Like i said above, i don’t see anything weird in the logs. What should i be looking for?

2019-09-15 10:03:32.373 [ome.event.ItemCommandEvent] - Item ‘DummyDaytimeScene’ received command ON

2019-09-15 10:03:32.375 [vent.ItemStateChangedEvent] - DummyDaytimeScene changed from OFF to ON

2019-09-15 10:03:32.378 [ome.event.ItemCommandEvent] - Item ‘ZWaveNode006GarageEntryHallDimmerSwitchSwitchDimmer’ received command 100

2019-09-15 10:03:32.381 [ome.event.ItemCommandEvent] - Item ‘ZWave007HallwayRecessedLightsDimmerSwitchSwitchDimmer’ received command 100

2019-09-15 10:03:32.382 [nt.ItemStatePredictedEvent] - ZWaveNode006GarageEntryHallDimmerSwitchSwitchDimmer predicted to become 100

2019-09-15 10:03:32.384 [ome.event.ItemCommandEvent] - Item ‘ZWave008GreatRoomSwitchLampDimmerSwitchSwitchDimmer’ received command 100

2019-09-15 10:03:32.390 [ome.event.ItemCommandEvent] - Item ‘ZWave010KitchenPendantLightsDimmerSwitchSwitchDimmer’ received command 50

2019-09-15 10:03:32.391 [ome.event.ItemCommandEvent] - Item ‘ZWave009KitchenRecessedLightsDimmerSwitchSwitchDimmer’ received command 100

2019-09-15 10:03:32.394 [ome.event.ItemCommandEvent] - Item ‘ZWave020GreatRoomLightDimmerSwitchSwitchDimmer’ received command 100

2019-09-15 10:03:32.396 [ome.event.ItemCommandEvent] - Item ‘ZWave019MasterBedroomFoyerLightDimmerSwitchSwitchDimmer’ received command OFF

2019-09-15 10:03:32.398 [ome.event.ItemCommandEvent] - Item ‘ZWaveNode006GarageEntryHallDimmerSwitchSwitchDimmer’ received command OFF

2019-09-15 10:03:32.399 [ome.event.ItemCommandEvent] - Item ‘DummyDaytimeScene’ received command OFF

2019-09-15 10:03:32.399 [nt.ItemStatePredictedEvent] - ZWave007HallwayRecessedLightsDimmerSwitchSwitchDimmer predicted to become 100

2019-09-15 10:03:32.405 [nt.ItemStatePredictedEvent] - ZWave008GreatRoomSwitchLampDimmerSwitchSwitchDimmer predicted to become 100

2019-09-15 10:03:32.408 [vent.ItemStateChangedEvent] - ZWaveNode006GarageEntryHallDimmerSwitchSwitchDimmer changed from 0 to 100

2019-09-15 10:03:32.408 [nt.ItemStatePredictedEvent] - ZWave010KitchenPendantLightsDimmerSwitchSwitchDimmer predicted to become 50

2019-09-15 10:03:32.410 [nt.ItemStatePredictedEvent] - ZWave009KitchenRecessedLightsDimmerSwitchSwitchDimmer predicted to become 100

2019-09-15 10:03:32.411 [nt.ItemStatePredictedEvent] - ZWave020GreatRoomLightDimmerSwitchSwitchDimmer predicted to become 100

2019-09-15 10:03:32.413 [nt.ItemStatePredictedEvent] - ZWave019MasterBedroomFoyerLightDimmerSwitchSwitchDimmer predicted to become OFF

2019-09-15 10:03:32.415 [nt.ItemStatePredictedEvent] - ZWaveNode006GarageEntryHallDimmerSwitchSwitchDimmer predicted to become OFF

You’re banging out a lot of commands in a few milliseconds.

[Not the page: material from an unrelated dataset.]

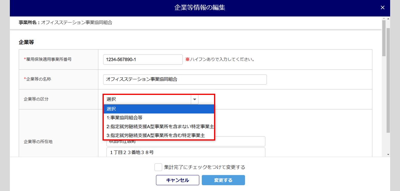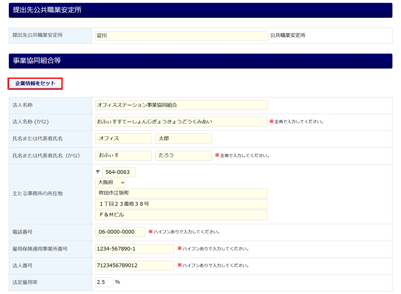 提出先公共職業安定所、事業協同組合の各項目に「企業設定」もしくは、「士業用顧問先管理」の情報が反映されます。

Isolating node 6 from your events

2019-09-15 10:03:32.378 [ome.event.ItemCommandEvent] - Item ‘ZWaveNode006GarageEntryHallDimmerSwitchSwitchDimmer’ received command 100
2019-09-15 10:03:32.382 [nt.ItemStatePredictedEvent] - ZWaveNode006GarageEntryHallDimmerSwitchSwitchDimmer predicted to become 100
2019-09-15 10:03:32.398 [ome.event.ItemCommandEvent] - Item ‘ZWaveNode006GarageEntryHallDimmerSwitchSwitchDimmer’ received command OFF
2019-09-15 10:03:32.408 [vent.ItemStateChangedEvent] - ZWaveNode006GarageEntryHallDimmerSwitchSwitchDimmer changed from 0 to 100
2019-09-15 10:03:32.415 [nt.ItemStatePredictedEvent] - ZWaveNode006GarageEntryHallDimmerSwitchSwitchDimmer predicted to become OFF

you send it two commands within 20 milliseconds. I wouldn’t like to guess which one gets to your device first. It’s not necessarily the same order as they get processed in openHAB.

ZWave packet loss. You would need to enable debugging for the zwave binding.